Fazit der Gemeindeverwaltung Illingen

 

Die Neuausrichtung des eGo Zweckverbands Saar ist zwingend notwendig.

Es gibt dazu zwei Möglichkeiten: Auflösung und Neubeginn oder organisatorische Neuaufstellung über satzungsmäßige Rahmenbedingungen.

An der Notwendigkeit einer schlagkräftigen zentralen IT-Unterstützung und einer Standardisierung besteht kein Zweifel. Dies ist zwingend notwendig.

 

Die jetzt vorgesehene Verstaatlichung der Dienstleistungen durch Inhouse-Vergabe und öffentlich-rechtliches Unternehmertum in einem hoch komplexen, durch extremes Veränderungstempo bestimmten Bereich ist in jeder Hinsicht kritisch zu sehen. Der eGo hatte seit Jahren die Chance, sich als kommunaler Dienstleister zu etablieren, hat dabei aber auf der ganzen Linie versagt. Es gibt derzeit nur randständige Verwaltungsdienstleistungen, die zentral wahrgenommen werden (Standesamtsprogramm AUTISTA, Schattenregister der Melderegisterauskunft). Zentrale Anforderungen (z.B. Bereitstellung von Datenschützer*innen, einheitliche, plattform- und ebenenübergreifende Baugenehmigungs-Software etc.) wurden nicht erfüllt.

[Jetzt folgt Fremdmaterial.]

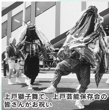
上戸獅子舞で、上戸芸能保存会の皆さんがお祝い
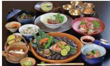
料理内容は写真と異なる場合があります

1949年創業の老舗として親しまれている『竹葉新葉亭』では8月27日~9月30日の期間中、敬老の日の特別企画として、「日帰り会食プラン」を実施します。 料金は1人8800円(税込)。特典は、食事の際に1人につきワンドリンクサービス(生ビールまたはソフトドリンク)と温泉入浴付き(食事の前後)。要事前予約。予約時に「青ぼ見た」でお伝えください。満室の場合など希望日に予約できない場合もありますので、詳しくはご利用希望日の前に電話でお問い合わせください。 美しい竹林と趣ある枯山水を配した庭園。この機会に全国的に有名な老舗で、函館の奥座敷・湯の川温泉の魅力をつぶりと満喫してみませんか？ ●函館市湯川町2・6・22 ☎0138・57・5171
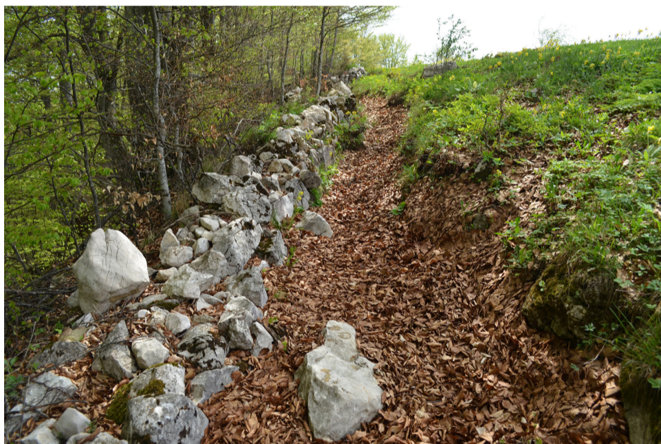
Első világháborús lövészárkok Ciocanu faluban

ségnek alárendelt Magyar-Oláhországi római-katolikus püspökséget.

Es ist fraglich, ob die notwendige Schlagkraft durch ein neues öffentlich-rechtliches Monopol erreicht werden kann und ob dies wirtschaftlich für die saarländischen Kommunen ist.

 

Das Saarland ist IT-Standdort von hohem Rang (CISPA, DFKI, Leibniz-Institut). Auch die privaten Rechenzentren (KÜS, VSE-Net, INEXIO u.a.) sind auch nach Darstellung der PD-Studie sehr leistungsfähig und erfüllen alle Leistungs- und Sicherheitsanforderungen auch für die Zeit nach 2021. Diese haben umfangreiche Kenntnisse in der Betreuung von Kommunen und kommunaler Software. Durch Eigeninitiative und zahleiche freiwillige Kooperationen saarländischer Kommunen, die größtenteils sogar durch die Landesregierung gefördert wurden, ist die Grundlage für eine Ziel führende öffentlich-private Partnerschaft in einem schnelllebigen Branchenumfeld entstanden, auf der man aufbauen kann.

 

 

 

Wünschenswert seitens der Kommunen wäre deshalb ein Zweckverband eGo-Saar, der sich wie ursprünglich bei der Gründung vorgesehen auf eine Unterstützung der kommunalen IT-Arbeit konzentriert. Er sollte kommunale Projekte fachlich und organisatorisch unterstützen und so Synergien fördern. Auch sollte sich ein solcher ZV vorrangig um die Grundlagen der Zusammenarbeit z.B. der Schaffung von Schnittstellen kümmern.

 

Es ist daher nicht wirklich schlüssig, warum diese funktionierenden Strukturen bei einem Zweckverband umständlich und kostenintensiv nochmals auf- und ausgebaut werden sollten. Und auch nicht, warum man alle Kommunen gleichschalten und zentral durch einen ZV steuern will.